■ The task ■
From the material below, copy exactly the lines beginning with the one that contains "prevented broader adoption." and ending with the one that contains "Подсказки-иллюстрации к кроссвордуХудо́жественная"; the pictures stay out.

■ Data for this task ■

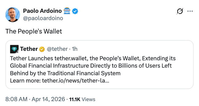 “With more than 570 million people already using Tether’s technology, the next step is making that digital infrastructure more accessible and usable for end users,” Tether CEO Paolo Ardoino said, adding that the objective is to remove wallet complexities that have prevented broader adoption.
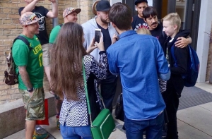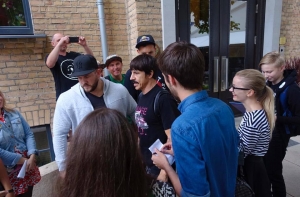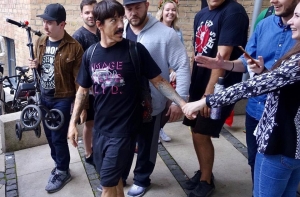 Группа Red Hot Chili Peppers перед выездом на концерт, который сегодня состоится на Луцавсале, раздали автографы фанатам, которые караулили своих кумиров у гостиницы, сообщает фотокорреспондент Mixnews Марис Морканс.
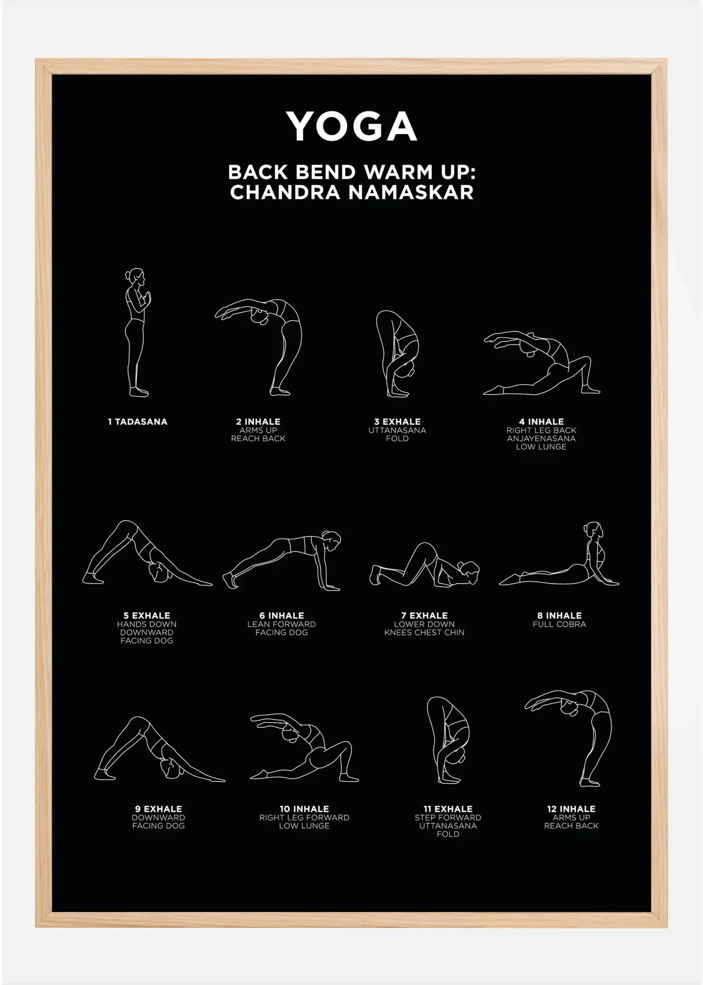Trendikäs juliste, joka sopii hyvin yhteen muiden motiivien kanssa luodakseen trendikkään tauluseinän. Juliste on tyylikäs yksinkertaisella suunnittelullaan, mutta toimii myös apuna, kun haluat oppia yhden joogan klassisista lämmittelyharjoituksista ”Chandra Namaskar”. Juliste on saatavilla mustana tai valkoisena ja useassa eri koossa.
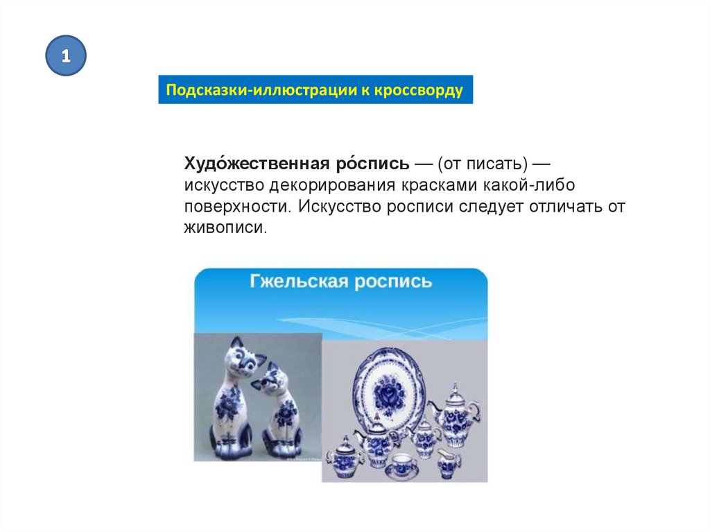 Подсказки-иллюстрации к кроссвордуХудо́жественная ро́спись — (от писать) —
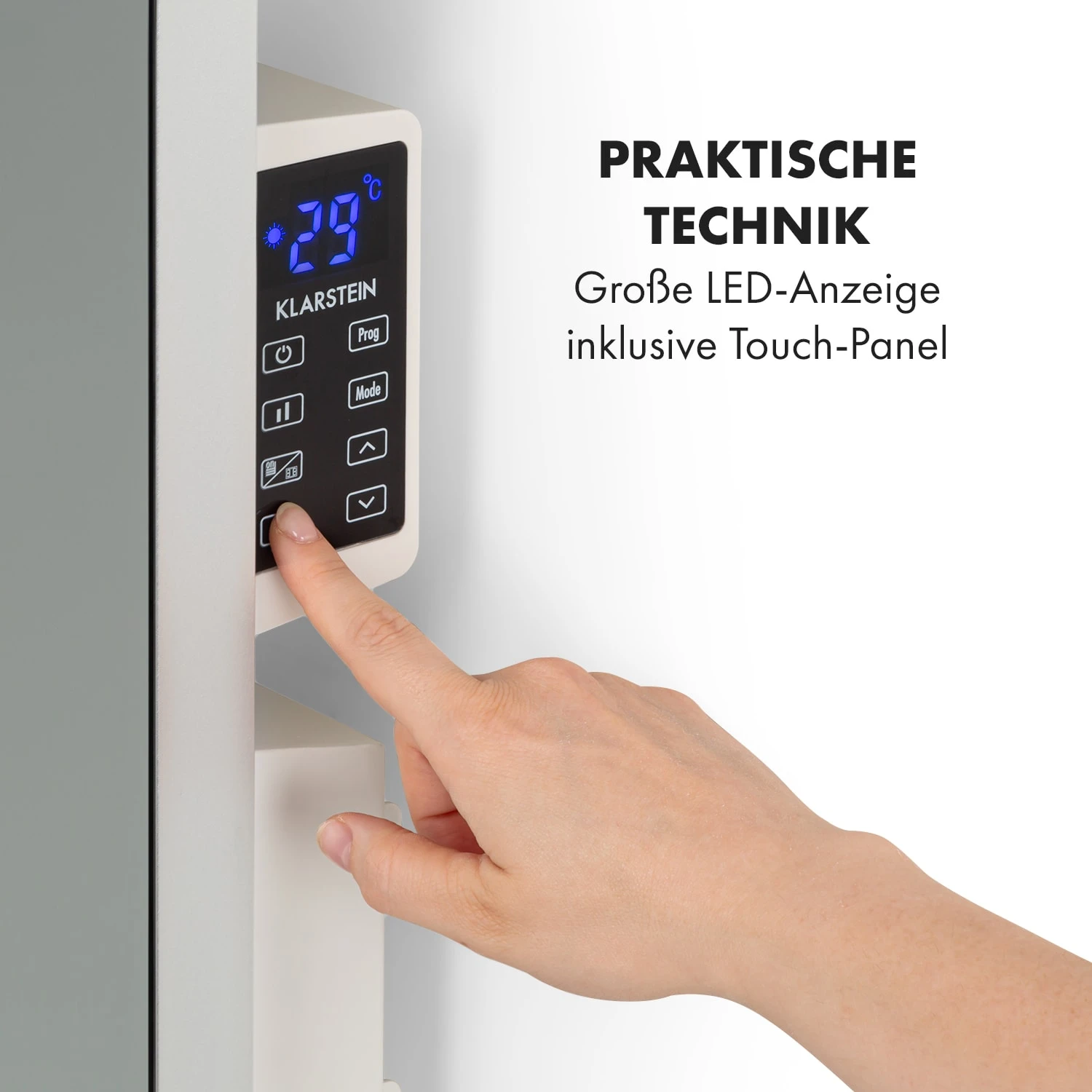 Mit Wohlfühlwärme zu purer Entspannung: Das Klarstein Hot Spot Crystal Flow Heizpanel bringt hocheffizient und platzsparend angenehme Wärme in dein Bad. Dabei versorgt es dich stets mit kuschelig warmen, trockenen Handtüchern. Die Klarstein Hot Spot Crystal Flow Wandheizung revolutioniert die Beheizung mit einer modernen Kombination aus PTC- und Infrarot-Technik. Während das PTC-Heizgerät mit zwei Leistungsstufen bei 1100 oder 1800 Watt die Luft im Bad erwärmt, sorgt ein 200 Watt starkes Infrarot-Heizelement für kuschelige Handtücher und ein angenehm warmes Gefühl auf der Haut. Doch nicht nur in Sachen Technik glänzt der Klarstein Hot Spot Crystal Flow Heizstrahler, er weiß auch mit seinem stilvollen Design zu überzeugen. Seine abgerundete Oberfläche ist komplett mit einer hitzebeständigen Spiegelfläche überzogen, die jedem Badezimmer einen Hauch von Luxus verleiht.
* * *
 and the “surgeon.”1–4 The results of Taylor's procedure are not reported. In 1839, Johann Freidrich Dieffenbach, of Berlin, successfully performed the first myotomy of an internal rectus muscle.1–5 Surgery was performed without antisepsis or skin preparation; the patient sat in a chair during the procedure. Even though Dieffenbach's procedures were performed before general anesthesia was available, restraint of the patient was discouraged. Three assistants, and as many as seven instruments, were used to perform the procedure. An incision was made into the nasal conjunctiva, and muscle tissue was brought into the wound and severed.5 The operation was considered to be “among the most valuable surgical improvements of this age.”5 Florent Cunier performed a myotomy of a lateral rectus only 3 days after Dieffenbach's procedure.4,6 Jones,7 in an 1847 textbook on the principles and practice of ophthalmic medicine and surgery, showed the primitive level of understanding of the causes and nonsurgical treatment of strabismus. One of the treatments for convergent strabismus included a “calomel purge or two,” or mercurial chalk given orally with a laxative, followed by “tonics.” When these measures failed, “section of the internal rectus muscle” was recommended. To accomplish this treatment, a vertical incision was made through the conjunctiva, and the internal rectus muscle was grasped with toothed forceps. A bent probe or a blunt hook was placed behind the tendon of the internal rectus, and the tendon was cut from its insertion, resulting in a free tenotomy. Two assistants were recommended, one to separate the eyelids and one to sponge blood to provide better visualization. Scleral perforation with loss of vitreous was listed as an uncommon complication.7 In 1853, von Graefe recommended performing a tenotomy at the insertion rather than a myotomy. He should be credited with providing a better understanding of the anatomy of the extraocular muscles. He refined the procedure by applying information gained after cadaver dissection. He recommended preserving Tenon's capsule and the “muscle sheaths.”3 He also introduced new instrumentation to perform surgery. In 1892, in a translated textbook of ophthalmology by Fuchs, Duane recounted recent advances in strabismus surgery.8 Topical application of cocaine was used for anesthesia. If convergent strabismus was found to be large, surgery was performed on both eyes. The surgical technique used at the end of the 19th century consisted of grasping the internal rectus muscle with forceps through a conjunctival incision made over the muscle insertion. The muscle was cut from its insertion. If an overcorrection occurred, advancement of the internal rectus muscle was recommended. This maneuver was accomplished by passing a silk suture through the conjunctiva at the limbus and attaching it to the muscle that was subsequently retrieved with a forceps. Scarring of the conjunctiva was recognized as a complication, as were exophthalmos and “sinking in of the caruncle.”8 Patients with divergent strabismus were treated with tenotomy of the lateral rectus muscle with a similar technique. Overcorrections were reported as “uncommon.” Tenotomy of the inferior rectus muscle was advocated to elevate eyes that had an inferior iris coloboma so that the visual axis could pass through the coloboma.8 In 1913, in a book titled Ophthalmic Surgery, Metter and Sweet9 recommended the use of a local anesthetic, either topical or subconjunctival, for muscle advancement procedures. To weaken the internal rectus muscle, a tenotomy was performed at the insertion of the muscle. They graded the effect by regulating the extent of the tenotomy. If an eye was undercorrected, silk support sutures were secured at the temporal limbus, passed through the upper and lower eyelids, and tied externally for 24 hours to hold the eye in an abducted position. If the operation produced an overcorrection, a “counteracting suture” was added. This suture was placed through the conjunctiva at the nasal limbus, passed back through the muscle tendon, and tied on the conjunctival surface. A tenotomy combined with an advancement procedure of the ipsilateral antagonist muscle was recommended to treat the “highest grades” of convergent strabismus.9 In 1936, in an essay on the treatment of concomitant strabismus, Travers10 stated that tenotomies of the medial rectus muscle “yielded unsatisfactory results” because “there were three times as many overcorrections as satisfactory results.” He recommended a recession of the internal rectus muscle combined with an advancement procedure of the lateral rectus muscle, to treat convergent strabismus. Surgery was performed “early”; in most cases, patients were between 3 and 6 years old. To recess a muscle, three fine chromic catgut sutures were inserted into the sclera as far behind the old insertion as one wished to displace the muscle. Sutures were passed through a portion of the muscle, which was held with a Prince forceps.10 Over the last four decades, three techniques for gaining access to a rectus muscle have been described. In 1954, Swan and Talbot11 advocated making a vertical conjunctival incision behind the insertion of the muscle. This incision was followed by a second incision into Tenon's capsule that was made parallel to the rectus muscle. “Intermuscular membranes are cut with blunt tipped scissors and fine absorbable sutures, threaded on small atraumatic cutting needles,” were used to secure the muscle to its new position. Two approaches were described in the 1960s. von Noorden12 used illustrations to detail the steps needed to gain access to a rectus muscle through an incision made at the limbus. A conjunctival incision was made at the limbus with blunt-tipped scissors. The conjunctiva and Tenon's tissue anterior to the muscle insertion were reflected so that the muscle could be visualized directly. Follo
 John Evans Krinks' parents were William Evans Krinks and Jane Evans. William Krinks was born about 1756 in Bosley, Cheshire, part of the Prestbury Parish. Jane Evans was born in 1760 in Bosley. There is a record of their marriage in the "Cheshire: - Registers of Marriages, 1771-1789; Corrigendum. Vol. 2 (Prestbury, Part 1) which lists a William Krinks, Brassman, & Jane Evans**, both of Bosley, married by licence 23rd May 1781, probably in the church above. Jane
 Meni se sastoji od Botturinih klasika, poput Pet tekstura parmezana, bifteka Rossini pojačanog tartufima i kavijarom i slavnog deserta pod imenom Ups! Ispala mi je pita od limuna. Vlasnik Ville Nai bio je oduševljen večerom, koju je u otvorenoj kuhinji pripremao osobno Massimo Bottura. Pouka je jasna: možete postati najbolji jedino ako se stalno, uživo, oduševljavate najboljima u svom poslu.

■ Your solution ■
 “With more than 570 million people already using Tether’s technology, the next step is making that digital infrastructure more accessible and usable for end users,” Tether CEO Paolo Ardoino said, adding that the objective is to remove wallet complexities that have prevented broader adoption.
 Группа Red Hot Chili Peppers перед выездом на концерт, который сегодня состоится на Луцавсале, раздали автографы фанатам, которые караулили своих кумиров у гостиницы, сообщает фотокорреспондент Mixnews Марис Морканс.
Trendikäs juliste, joka sopii hyvin yhteen muiden motiivien kanssa luodakseen trendikkään tauluseinän. Juliste on tyylikäs yksinkertaisella suunnittelullaan, mutta toimii myös apuna, kun haluat oppia yhden joogan klassisista lämmittelyharjoituksista ”Chandra Namaskar”. Juliste on saatavilla mustana tai valkoisena ja useassa eri koossa.
 Подсказки-иллюстрации к кроссвордуХудо́жественная ро́спись — (от писать) —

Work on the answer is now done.